ここでは、プロトプラストの分離、トランスフェクション、およびluminecentイメージングを含むシロイヌナズナ系統における概日周期欠陥をスクリーニングするための迅速なアッセイを、提示します。野生型シロイヌナズナとクロック突然変異体CCA1 / LHY、ZTL、及びCCA1 -OXにおける概日周期はCCA1proからの発光の測定値から算出した:LUCレポーター、よりタイムを使用して、全体の植物から生成された公開されたデータと一致することが見出されかかるトランスジェニックアプローチ( 表2)。シロイヌナズナ変異体をスクリーニングするために、このアッセイを使用することは時間がかかり、かつ、特定の変異体は、野生型のリズムを示すことを明らかにする可能性がある、トランスジェニック輝線を生成するための初期要件を回避します。このプロトコルの明確な利点は、植物における計時に影響を与える複数の遺伝子の同定を助けるであろう、任意のシロイヌナズナラインが変更された概日転写リズムのために短時間でスクリーニングすることができるということです。

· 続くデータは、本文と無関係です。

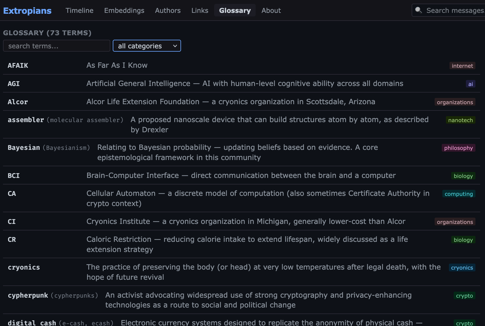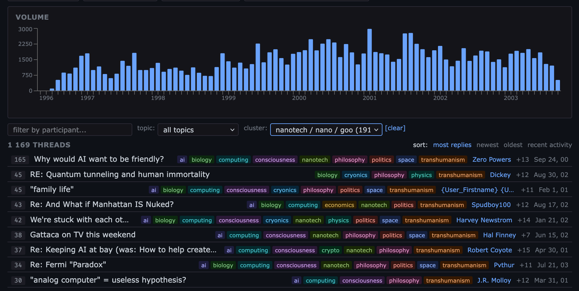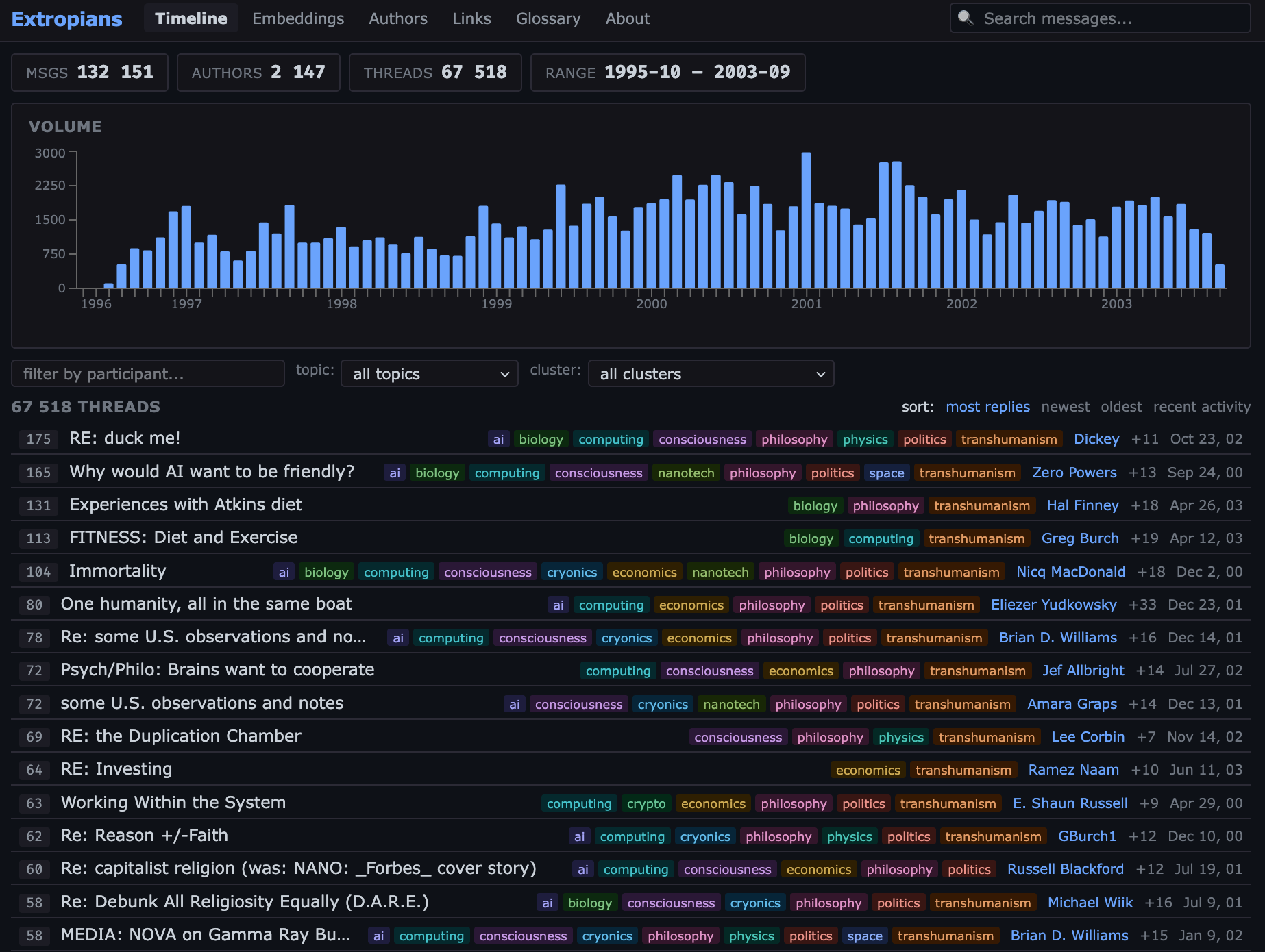 There’s 130k messages spread out over ~8 years from 2k unique authors, discussing topics including mars, cryonics, nanotech, morality, AI, politics, etc.

<p class= "jove_content">プロトプラストの単離は、変異体のラインが矮小化表現型を表示する場合は特に、面倒なことができます。プロトプラストを生成するために、以前に報告された方法は、酵素が細胞壁26,27に到達させるために、酵素溶液でストリップを浸潤薄いストリップと真空中に葉や苗を切断することを含みます。その後の消化酵素溶液にプロトプラストを解放するために暗闇の中で、少なくとも3時間のインキュベーションを必要とします。真空浸潤を適用しない場合は、18時間のインキュベーション時間アップをお勧めします。酵素に対する不透過性上皮細胞層がテープによって除去されるので、ここに提示プロトコルでは、真空浸潤は不要です。植物材料を切断してプロトプラストを生成する際には、消化後に細胞壁の破片からプロトプラストを分離する必要があります。これは、典型的には、溶液を濾過または糖勾配27,26上で精製することにより行われます。ここでは、任意の未消化の組織は、後にオートクレーブテープ上に残ります消化ので、プロトプラストの濾過および糖勾配精製を省略することができます。長時間のプロトプラストの手順に起因するストレスが細胞生存率と概日時計に影響を与える可能性があります。ここで可視化し、テープベースのプロトプラスト法20は、プロトプラストの高い数を出します。概日、時系列上での細胞の生存能力を与えられ、プロトプラスト全体実生( 表2)のマッチング期間の長さは、ここで説明する方法は、プロトプラストを生成するための代替方法よりも好ましいです。プロトコルのトランスフェクション工程は、そのプロトプラストの生存率に影響を与える重要なステップです。 PEG溶液は、この溶液(段階3.4)で細胞に送達されるDNA、および両方のインキュベーション時間を可能にし、PEGの比率は、経験的に決定されるべきです。標準濃度が低い形質転換効率を低下させる濃度以上では、20%であり、生存能力28を減少させる濃度。 5分ほどの短いインキュベーション時間は、プロトプラスト27の効率的なトランスフェクションをもたらす可能性があります。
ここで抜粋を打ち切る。